Alternate-Universe Inductor

The homogeneous equation is:

$\ddot{I} = - \frac{R}{L} I$

Combining the homogeneous solution with the particular solution gives the following general form (note that $A,B,C$ are defined differently here than in the original problem statement):

$I = A \, cos \Big (\sqrt{\frac{R}{L}} t \Big ) + B \, sin \Big (\sqrt{\frac{R}{L}} t \Big ) + C$

Applying initial conditions gives:

$0 = A + C \\ 0 = B \sqrt{\frac{R}{L}} \implies B = 0 \\ -A \frac{R}{L} = \frac{V}{L}$

Solving for the constants:

$A = - \frac{V}{R} \\ B = 0 \\ C = \frac{V}{R}$

The expression for the current is:

$I = - \frac{V}{R} \, cos \Big (\sqrt{\frac{R}{L}} t \Big ) + \frac{V}{R}$

Values of the parameters asked for in the problem:

$\text{peak current value } = 2 \frac{V}{R} = 10 \\ \text{average current value } = \frac{V}{R} = 5 \\ \text{sinusoidal component frequency } = \frac{1}{2 \pi} \sqrt{\frac{R}{L}} = 7.118 \\ \text{sum of all three quantities } = 22.118$

Interesting problem.
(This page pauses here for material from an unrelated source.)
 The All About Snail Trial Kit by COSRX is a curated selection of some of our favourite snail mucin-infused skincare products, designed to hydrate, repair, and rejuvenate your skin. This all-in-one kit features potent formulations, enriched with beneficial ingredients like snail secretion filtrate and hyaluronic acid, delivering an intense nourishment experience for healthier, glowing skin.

Here is a thought. The governing equation for a regular RL circuit is:

$V = IR + L\dot{I}$

Multiplying both sides by I and re-arrangement gives:

$VI dt = I^2R dt + LI dI$

Integrating the above expression gives us:

$\int_{0}^{\infty}VI dt = \int_{0}^{\infty}I^2R dt + \int_{0}^{I_{steadyState}}LI dI$

From this equation above, we can draw a well known conclusion that the energy released by the source is partly stored in the inductor and is partly lost as heat due to resistance.
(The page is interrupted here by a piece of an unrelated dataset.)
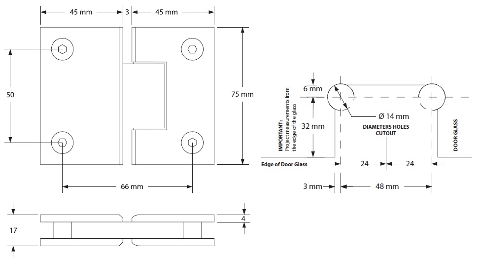 Shower Hinge "Jun" 180DG, CPL, Glass/Glass, 6-8mm Glass Thickness, No Angle Adjustment Function But 25 DG Return Function, Brass Material, Straight Edges

Let us apply this same logic to the alternate universe inductor. The expression for energy stored in the inductor is of a very different nature. Infact, the energy levels in the inductor may be varying with time (this is speculation as I haven't worked out the expression yet).

What are your views on this? An interesting follow up problem could be framed on these lines if this thought is on a right track. I realise that speculating about this is probably meaningless as this is not a representation of reality. But I find it interesting..
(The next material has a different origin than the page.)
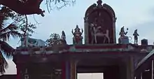 The presiding deity is Somaskanda. The goddess is Kaviaganni. There are shrines to Ganesha, Durga, Murugan and his consorts Valli and Deivayanai.

This can be solved via a Laplace Transform:

$I''(t) + \frac{R}{L} \cdot I(t) = \frac{V}{L} \Rightarrow [s^2 I(s) - sI(0) - I'(0)] + \frac{R}{L} \cdot I(s) = \frac{V}{L} \cdot \frac {1}{s}$

and after substituting our values for resistance, inductance, and voltage:

$(s^2 + 2000)I(s) = \frac{10000}{s} \Rightarrow I(s) = \frac{10000}{s(s^2 + 2000)} = \frac{5}{s} - \frac{5s}{s^2 + 2000}$ ;

and taking the inverse Laplace Transform yields:

$I(t) = \boxed{5 - 5cos(\sqrt{2000} t)}$

which the following info can be gleaned:

$I_{MIN} = 0, I_{MAX} = 10, I_{AVG} = \frac{I_{MIN} + I_{MAX}}{2} = 5$ and $2\pi f = \sqrt{2000} \Rightarrow f = \frac{\sqrt{2000}}{2\pi} = 7.117$

and the final answer computes to: $I_{MAX} + I_{AVG} + f = 10 + 5 + 7.117 = \boxed{22.117}.$